In traditional open-pit coal mining cost analysis, methods such as differential analysis, factor analysis, principal component analysis, and gray correlation analysis are commonly used [26,27,28,29] to summarize patterns in various cost factor data to identify the main cost control factors. However, these methods each have limitations, including the influence of subjective factors, reliance on experiential judgment, inability to adapt to dynamic changes, and lack of theoretical support. With the advancement of intelligent algorithms, Hu Yonghui et al. [30] used BP neural networks to accurately optimize the blasting parameters among the mining cost influencing factors. Peng Yifan [31] proposed a multi-objective differential evolution algorithm to optimize transportation costs by identifying factors such as truck scheduling and bucket-to-shovel ratio. Zhang Naifan [32] used grounded theory combined with the DEMETAL-ISM model to construct a production cost factor system for open-pit metal mining. These methods break through the static limitations of traditional analysis and utilize machine learning to achieve dynamic analysis of multi-factor coupling relationships. However, current research on open-pit coal mining cost factor identification has yet to establish a knowledge graph integrating spatiotemporal attributes, and is unable to achieve visual inference of optimized transmission paths or dynamic binding of lifecycle costs with real-time working conditions.

This study constructs a cost knowledge graph for open-pit coal mining, integrating entity relations—such as geological conditions and process parameters—with quantitative attributes, including sensitivity coefficients and impact thresholds. In doing so, it establishes an extensible cost—decision inference mechanism that maintains the effectiveness of optimization strategies as production conditions evolve. For example, the framework can infer how increased blast lumpiness leads to lower truck bucket rates and higher diesel consumption, enabling targeted adjustment of upstream parameters. The innovations are as follows:

A high-precision entity recognition method based on BERT-BiLSTM-CRF for named entity recognition in the cost domain of open-pit coal mining was proposed.
A knowledge graph-driven cost factor identification framework was established, which analyzes multi-level cascading influences through entity relationship path mining.
The foundation of cascading relationship inference for cost factors is clarified through an attention weight network, and the relationship weight matrix is used to enhance the interpretability of cost fluctuation attribution.

2. Methodology

2.1. Research Process

Standard specifications and research literature were used as data sources for knowledge extraction. Entity recognition was performed for different data types by leveraging the characteristics of each operation stage in the production process. Structured and semi-structured data—such as blasting design—were handled with rule-based methods and traditional machine learning techniques. For unstructured text in in-process specifications, a BERT-based pre-trained model was introduced and trained to extract entities from the corpus. On this basis, knowledge in the graph was inferred using the TransH algorithm, and factors were ranked and filtered by their weights to identify key cost-influencing factors. Finally, a question-and-answer system was implemented to present knowledge efficiently through query and retrieval. The research workflow is shown in Figure 1.
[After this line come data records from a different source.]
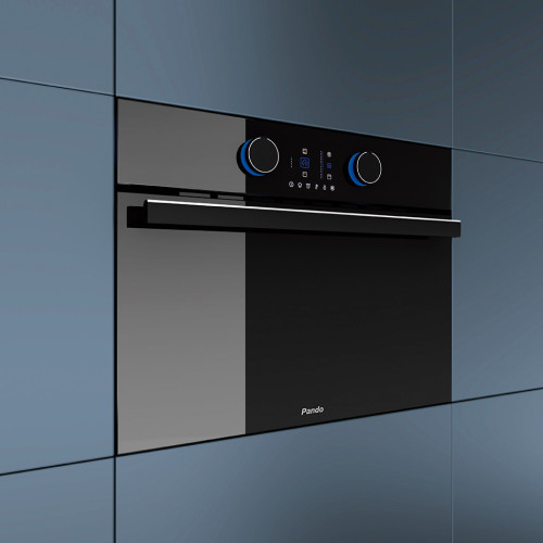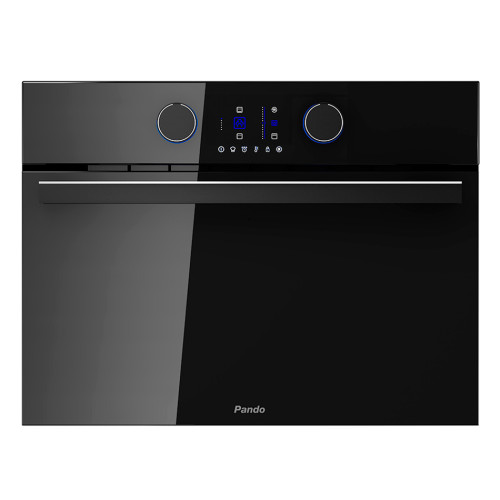 - Pando Chef — встроенная кулинарная книга: 20 автоматических программ для популярных блюд. Достаточно выбрать рецепт — духовка сама установит нужную температуру, время и режим (с паром или без).
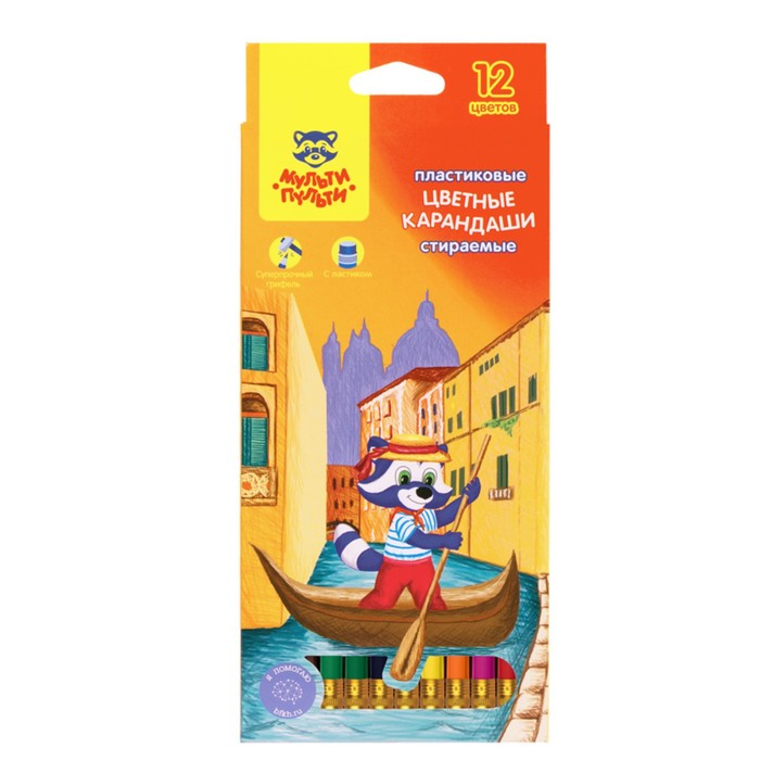 Карандаши 12 цветов Мульти-Пульти "Енот в Венеции", пластиковые, с ластиком, стираемые, картонная упаковка, европодвес
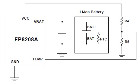 FP8208A 設(shè)有內(nèi)建過(guò)壓保護(hù)功能,當(dāng)輸入adaptor 電壓超過(guò)6V 時(shí),IC 將會(huì)關(guān)機(jī)以防止受到損傷,當(dāng)過(guò)壓保護(hù)發(fā)生時(shí)需等輸入電壓掉到過(guò)壓保護(hù)點(diǎn)的遲滯電壓以下(約0.2V)才會(huì)恢復(fù)正常充電。
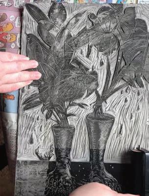 Linoleum printing (or linocut) is a relief printmaking technique in which you plan and carve out an image, McCoy explains. “ e ink is then rolled onto that carving and you can then create multiple impressions of that image. It’s like a large stamp.” Because
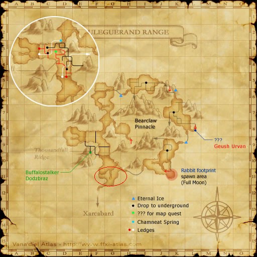 There are higher level Rabbits to be found as you enter, as noted above with a red circle, or move around Uleguerand Range in a counter-clockwise direction toward it's top. As they are higher level, they will be more difficult to kill, and require help or a party. A 65+ Blue Mage can easily solo the lower Rabbits here. Be ready for the Paralysis move, and Wild Carrot can cure for a huge amount with these monsters. Because of the excellent lower level camp #1, these are not recommended.
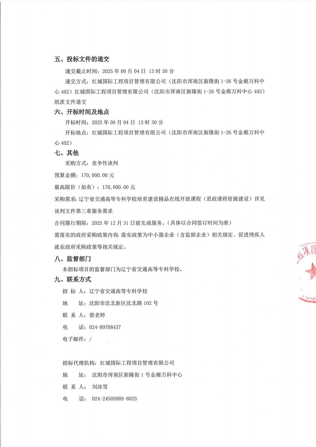 培育建设精品在线开放课程(思政课程资源建设)项目采购公告(LNCC2025092)
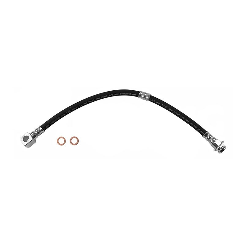 FRONT FLEX HOSES PROVIDE A FLEXIBLE CONNECTION FROM THE BODY OR FRAME TO THE FRONT CALIPERS OR WHEEL CYLINDERS AS THEY MOVE DURING SUSPENSION TRAVEL.
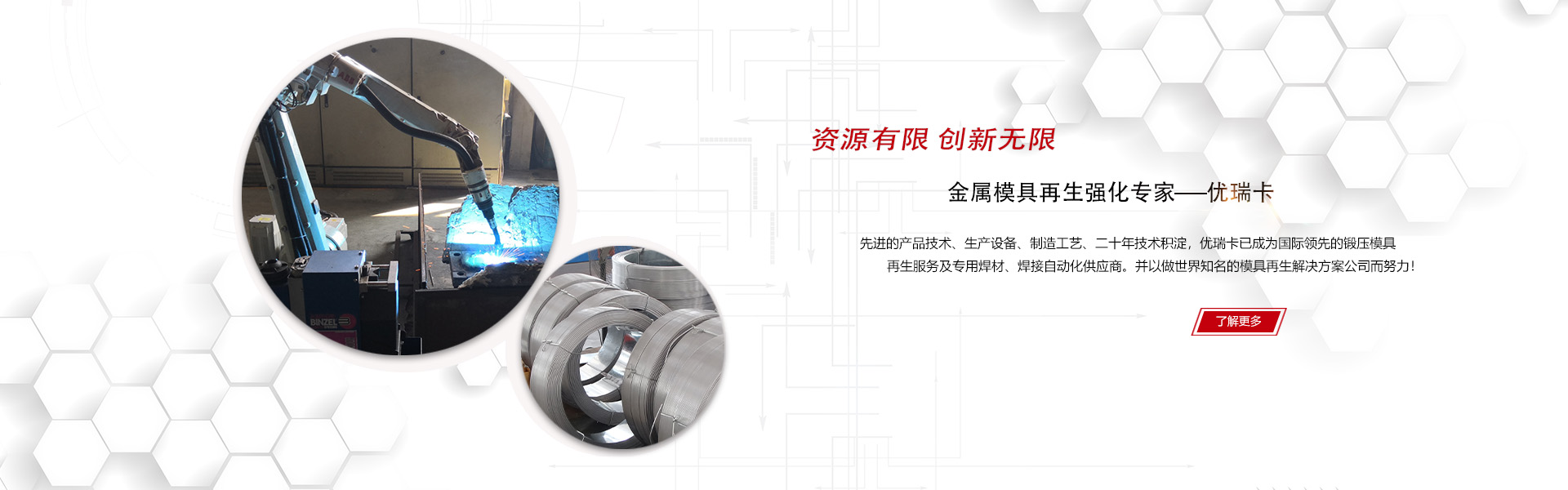 優(yōu)瑞卡是國內(nèi)知名的鍛造模具再生服務(wù)及專用焊材、模具焊接系統(tǒng)供應(yīng)商,我們吸收引用美國、德國、日本等國的先進(jìn)模具焊修經(jīng)驗(yàn),結(jié)合國內(nèi)企業(yè)情況,不斷創(chuàng)新并研發(fā)了更加有效、更加成熟、更易操作的模具再生技術(shù),為廣大企業(yè)在鍛造、沖壓、壓鑄、塑料模具及機(jī)械部件維修方面提供優(yōu)質(zhì)的焊接材料、自動(dòng)化焊接系統(tǒng)、模具加工用刀具和完善的再生修復(fù)服務(wù)。優(yōu)瑞卡正逐漸成為國內(nèi)外鍛造與沖壓企業(yè)創(chuàng)造更大利潤、提升核心競爭力不可或缺的重要推動(dòng)力!
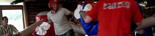 Luchtkussen, de tegenstanders proberen met enorme bokshandschoenen te boksen met elkaar.
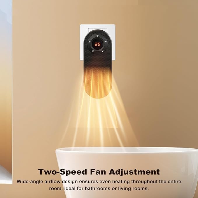 Enjoy even heat distribution throughout your room. With two adjustable wind speeds and a 180° wide-angle airflow, this heater effectively warms every corner of your space, from the living room to the bathroom.
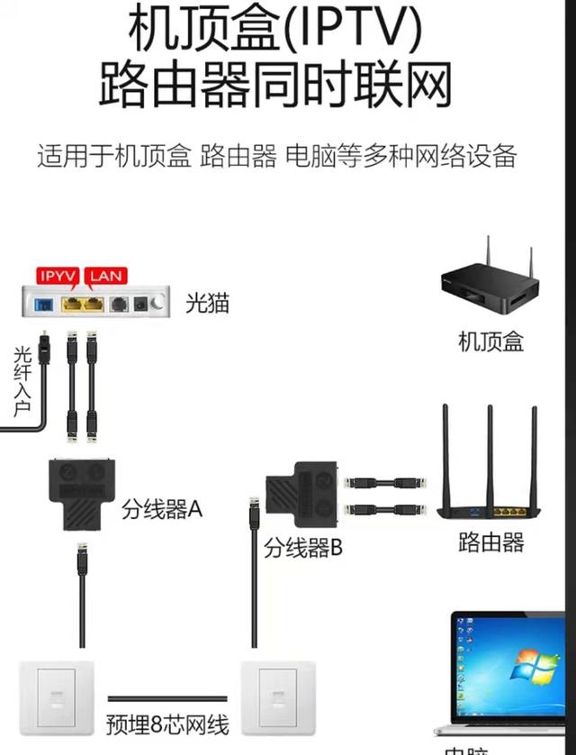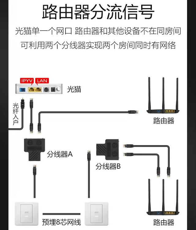 例如,家中只有一个预先封闭的网络,这就需要使用路由器和个人电脑,或连接路由器和电视的IPTV顶端框,或轻猫如何拥有一个单一门户,使网络信号能够到达两个房间。
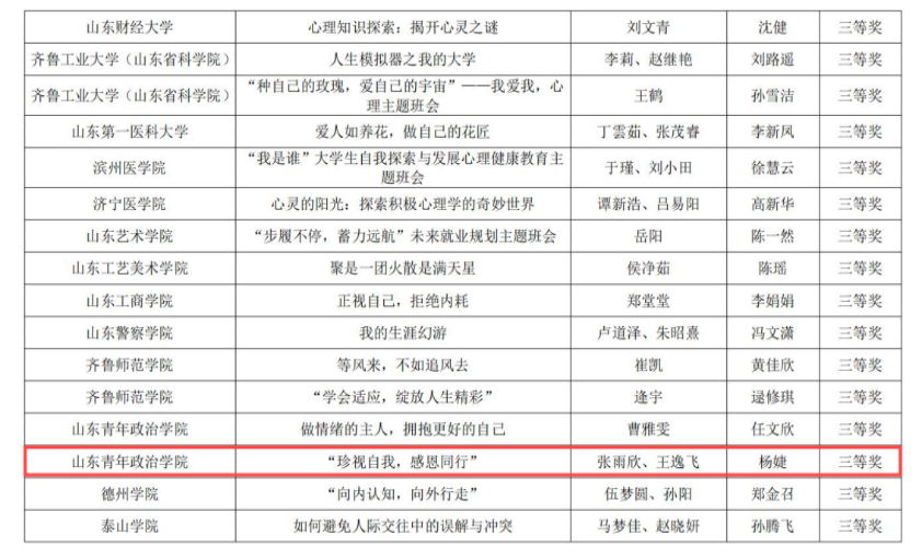 近日,山东省高等学校思想政治教育研究会公布“2024年山东省高校心理健康教育月展示活动”评选结果,由我院辅导员杨婕指导,学生张雨欣、王逸飞主讲的作品《珍视自我,感恩同行》在心理健康教育主题班会评比中荣获省级三等奖。
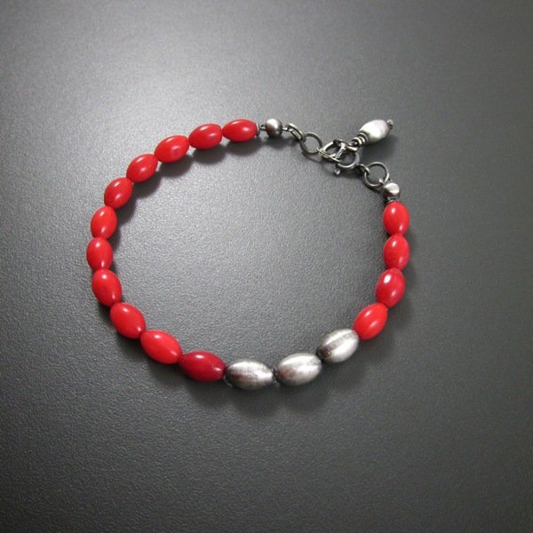 Delikatna bransoletka wykonana z ryżu korala 5/8 mm. Całość dopełnia srebro 925, oksydowane i wypolerowane. Długość bransoletki wynosi ok. 17,5 cm, plus łańcuszek regulacyjny 2 cm. Będzie pasowała na nadgarstek 15-17 cm. Elegancko zapakowana.
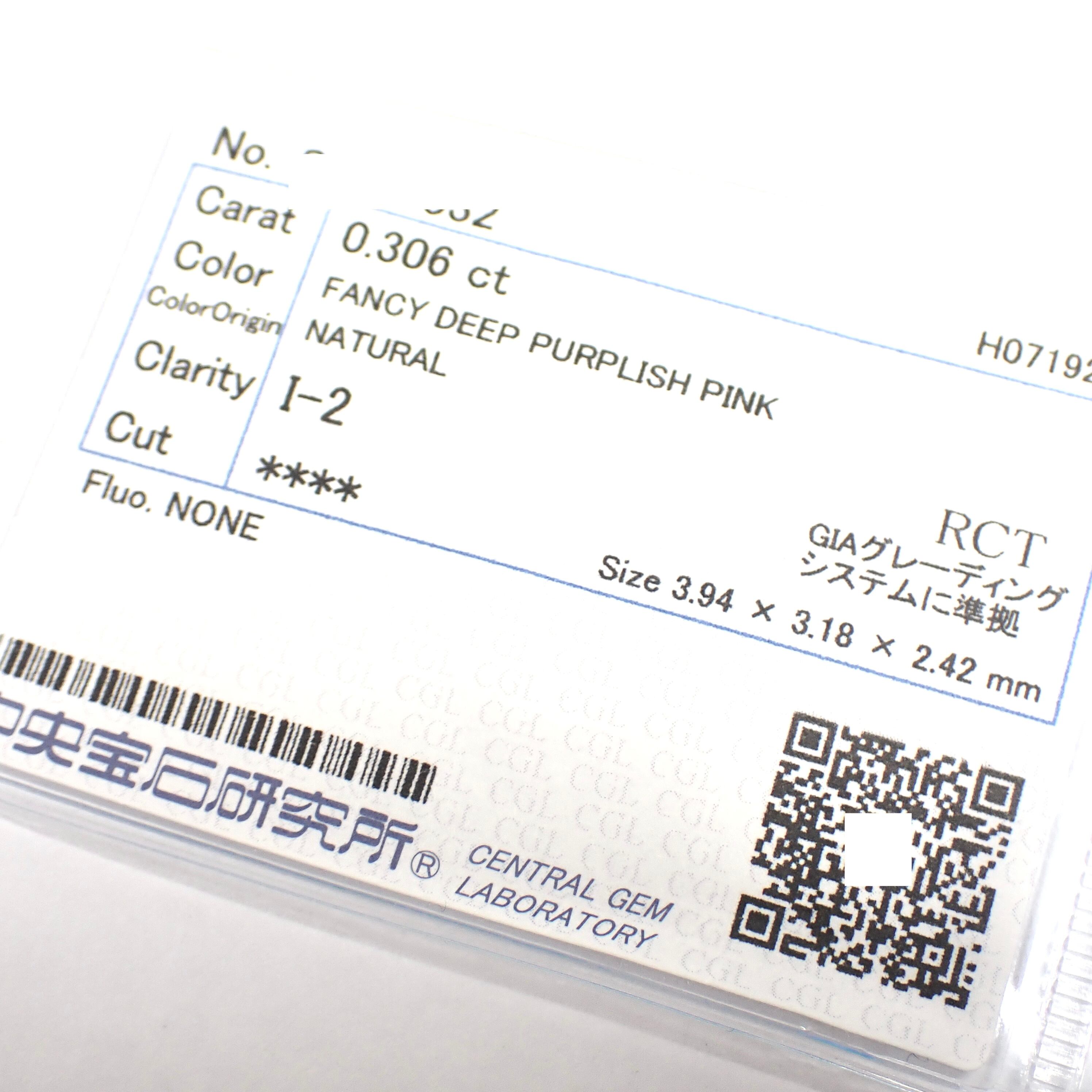 【売り切れ御免】 Fancy Deep Purplish Pink 0.306ct ファンシー ディープ パープル ピンク ダイヤモンド ルース 裸石 天然 中央宝石研究所ソーティング カットコーナー長方形 ピンクダイヤ 0.3ct Natural Pink Diamond Cut-Corner Rectangular

2.2. BERT-BiLSTM-CRF Model

The structure of the BERT-BiLSTM-CRF model constructed in this paper is shown in Figure 2. The model consists of three main components: the BERT layer, the BiLSTM layer, and the CRF decoding layer. The BERT layer is used to vectorize the characters in the sentence, the BiLSTM layer is used to capture the contextual semantic features of the vectors, and the CRF decoding layer is used to output the globally optimal label sequence.

2.2.1. BERT Model

As an unsupervised pre-trained language model based on Transformer, the BERT model is centered around the self-attention mechanism, which achieves context-aware semantic representation. As shown in Figure 3, the model input consists of three components: token embedding (character semantics), position embedding (sequence order), and segment embedding (sentence boundaries). As shown in Equation (1), the self-attention calculation dynamically captures inter-word relationships.

A t t e n t i o n (Q, K, V) = s o f t m a x (\frac{Q K^{T}}{\sqrt{d_{k}}}) V

(1)

where

Q

,

K

, and

V

are the word vector matrices,

d_{k}

is the embedding dimension, and the scaling

\sqrt{d_{k}}

avoids excessively large dot product values in high-dimensional space that could lead to gradient vanishing. The Softmax function normalizes the weight coefficient matrix to highlight the key features.

In the open-pit coal mining cost knowledge entity recognition scenario, the phenomenon of entity concentration is quite common due to the numerous cost factors. This issue requires dynamic semantic modeling to resolve the problem of polysemy. For example, in the following sentence: “Blasting vibration in blasting results must be controlled below 5 cm/s”, there are 20 characters containing two entities. First, the input sequence E₁₀{E₁, E₂, …, E_n}, where E_i (i ∈ n), is encoded by BERT. Each word vector E_i integrates its contextual features, and the [SEP] token separates multi-sentence inputs. The [CLS] token aggregates global features for downstream task fine-tuning. The input principle is shown in Figure 3.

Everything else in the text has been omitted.